Essa fala tem efeito prático imediato. Ela diminui o peso das pressões regionais e aumenta o poder de Brasília. Ao dizer que não decide sozinho, Domingos também tira do próprio colo a cobrança que cresce na direita mineira, “por que não fecha logo?”. Na leitura dele, só existe uma forma racional de fechar, quando o partido enxergar uma equação que una o campo inteiro, ou, no mínimo, que produza convergência suficiente para não destruir o palanque nacional.

O entrevistador, o editor Geraldo Passos, apertou onde a política dói. Ele citou o cenário em que um nome aparece muito à frente nas pesquisas e outro patina em patamar de um dígito, e perguntou como alguém com desempenho inferior tenta se viabilizar como “único representante” de um campo. Domingos respondeu sem comprar a briga com o líder nas urnas, mas também sem abrir mão do controle partidário. Ele disse que mantém amizade e deseja sorte ao senador líder, mas reafirmou que só se posicionará depois de uma decisão nacional do PL.

Essa resposta revela o que poucos falam em voz alta. A disputa em Minas não envolve apenas “quem tem mais voto”. Ela envolve comando, palanque, estrutura, e quem define a fila. A direita mineira, hoje, parece viver exatamente esse conflito: a força eleitoral puxa para um lado, e o controle do partido puxa para outro.
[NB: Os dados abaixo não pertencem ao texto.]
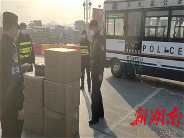 龙山“城市快警”将物资运送到湘鄂情大桥卡点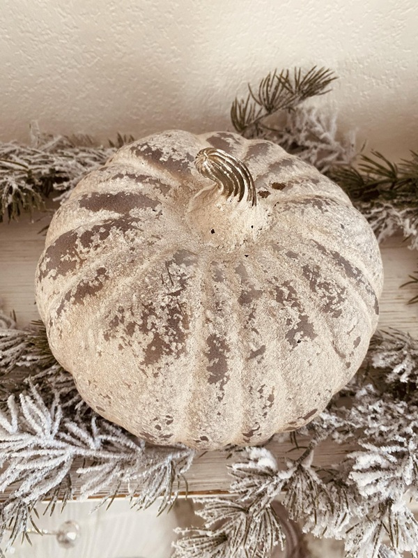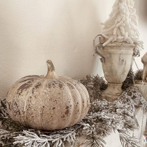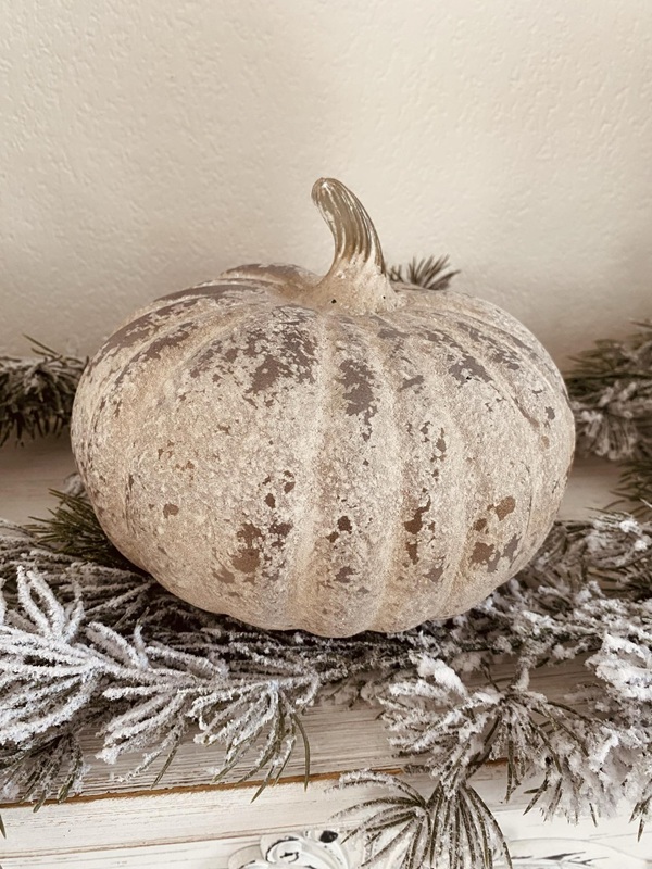 Sublimez votre déco automnale ou hivernale avec cette citrouille en verre blanc poudré, au fini délicatement vieilli.

Quando Domingos leva a decisão para a instância nacional, ele sinaliza que o PL quer evitar que Minas vire um campo solto, sem comando, e tenta manter o estado amarrado à estratégia presidencial.

A entrevista, porém, não ficou restrita ao mapa eleitoral. Domingos usou o momento para ampliar o discurso e reforçar uma bandeira que tem dado liga em públicos conservadores: ataques ao STF, cobrança de CPMI e narrativa de corrupção com impacto econômico. Ele citou o caso Banco Master como escândalo que ultrapassa quem investiu no banco, atinge fundos de previdência, mexe com juros e, no fim, cai no colo do cidadão comum. Ele também criticou adversários por não assinarem a CPMI e defendeu investigação ampla, “investiga todo mundo”, desde que o Congresso instale a comissão.

Nesse trecho, a entrevista ganha alcance nacional. Por quê? Porque Domingos não fala apenas como deputado. Ele fala como presidente estadual de um partido que quer protagonismo em 2026, e usa um evento municipal em Divinópolis para conectar Minas a Brasília. Quando ele mistura a crise de juros, fundo garantidor, CPMI e Supremo, ele conversa diretamente com o humor de uma parte do eleitorado que sente o bolso apertado e busca culpados. É uma estratégia de narrativa, e o PL tenta, cada vez mais, transformar narrativa em voto.

Há ainda outro elemento relevante que Domingos colocou com clareza: ele se mantém pré-candidato ao Senado. Ele reafirmou a própria intenção e tentou manter pontes com todos os lados do campo conservador, inclusive com o grupo político de Divinópolis, onde ele diz apoiar a gestão municipal e manter parceria com lideranças locais. Esse detalhe importa porque, no bastidor, toda indefinição do governo também reorganiza o Senado. E toda reorganização do Senado reorganiza a lista de federais. Em um estado gigantesco como Minas, essas peças se empurram o tempo inteiro.

A entrevista termina do jeito que começa: com a política como ela é. O Divinews perguntou sobre apoio e pressão. Domingos respondeu com cautela, empurrou a decisão para Brasília, defendeu unidade da direita e ampliou o debate para a pauta nacional. O resultado é um quadro que explica a confusão mineira. Um lado quer que o voto mande. Outro lado quer que o partido mande. E, enquanto isso, o eleitor assiste à disputa de comando antes mesmo de assistir à campanha.

Se a direita mineira busca um desfecho rápido, Domingos sinalizou que o relógio não marca apenas em Belo Horizonte. Ele marca em Brasília. E, até a direção nacional bater o martelo, Minas segue como vitrine, laboratório e campo de tensão.